“ANÉCDOTA SAUCEÑA»

Me despierta en una estupenda mañana de verano un enérgico grito “HOY PESCADO FRESCO EN EL SAUCE “ ufff ya sabía que tocaba ir a la esquina del BPS a comprar bifes de merluza, caminando hasta el camión ambulante ya detonado en los 80 me detengo a ver un grupito de estudiantes haciendo bromas y diciendo “ ¡pa’ el sábado de bote a bote !”. Leían muy descontracturados un extenso pizarrón ubicado en la plaza frente a Bar el Toto, por ahí a lo lejos y en la esquina del bar ALCA se divisaba uno igual. Me disponía a cruzar la plaza relojeando no pisar el pasto para no tener que hacer 100 metros libre con Velocito comiéndome los talones cuando al llegar a la esquina sale del interior de la farmacia PUIG un párroco que me dice “¿PIBE NO SABES QUIEN ATIENDE ACA?” ah si !!! … Golpea las manos y gritá fuerte RAÚL ! en una de esas tenes suerte. Pero algo pasaba en el pueblo, algo había que todos paraban a leer el pizarrón y salían rápido a Tienda Artigas, Jacinto Martínez, El Obrero, Alian, Baby Tudisco. Compraban Los Pingui, Lee, Topsy, Gamo y Pampero, se vendían los pantalones, Fanton, Robert Lewis y Corcel, ni hablar de los nevados… con nevados eras una especie de One Direction.
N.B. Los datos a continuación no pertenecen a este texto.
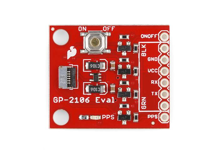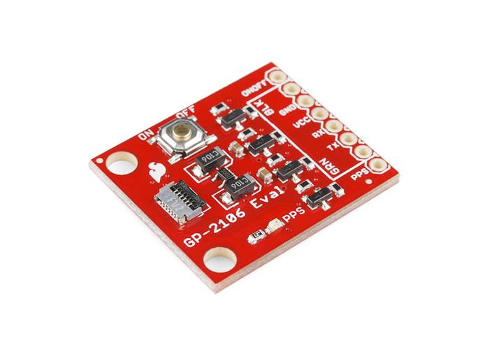 The GP-2106 Evaluation Board features everything you need to get the GP-2106 module talking to your system. Because the GP-2106 is a 1.8V module, we’ve provided level-shifting for 3.3 and 5V systems. The board also features a PPS status LED, on/off button and an FTDI Basic compatible header!

Pocho Torres llenaba su carrito con los clásicos panchos gigantes, se agotaba la gomina éxito, el talco polyana, los ruleros y el jabón de olor, todos se abastecían, las peluquerías sin horario y ese movimiento lo provocaba UN PIZARRÓN. Claro, había “BAILE DEL COCO” maratón de orquestas y venía CASINO con Mariel y todo… EL BBC explotaba, a las 22:00 el pueblo era Atlántida un sábado de enero, ómnibus que ni hoy me explico de donde salían, nombres que eran imposibles de recordar, venían de tan lejos que tenían otro dialecto esos otros canarios. Arrancaba el baile y con él, la mixtura más increíble de olores que se pueda imaginar, desde el Polyana, Eno de Pravia, Bao, Bulldog, Poet, humo de chorizo, etc, el que andaba bien se compraba un PINO COLBERT que era pinocha en alcohol. Claro no faltaba el que después de un enérgico dos y uno sin querer dejaba asomar de su bolsillo trasero el peinetón amarillo y algún punto suelto de alguna costura. Si ibas con campera olvídate, cuando salias de ropería ya eran las 03:30 y si te quedabas hasta lo último tenías que rogarle al chofer  que aguantase la bañadera, que por cierto siempre dejaban algún ejemplar en el pueblo que no sabía ni él donde carajos vivía, era el mejor lugar para conocer la geografía de Canelones, hay parajes inimaginables, eso si, sabias que si enganchabas algo de uno de esos lugares era un “hasta nunca” o hasta el próximo…. BAILE DEL COCO.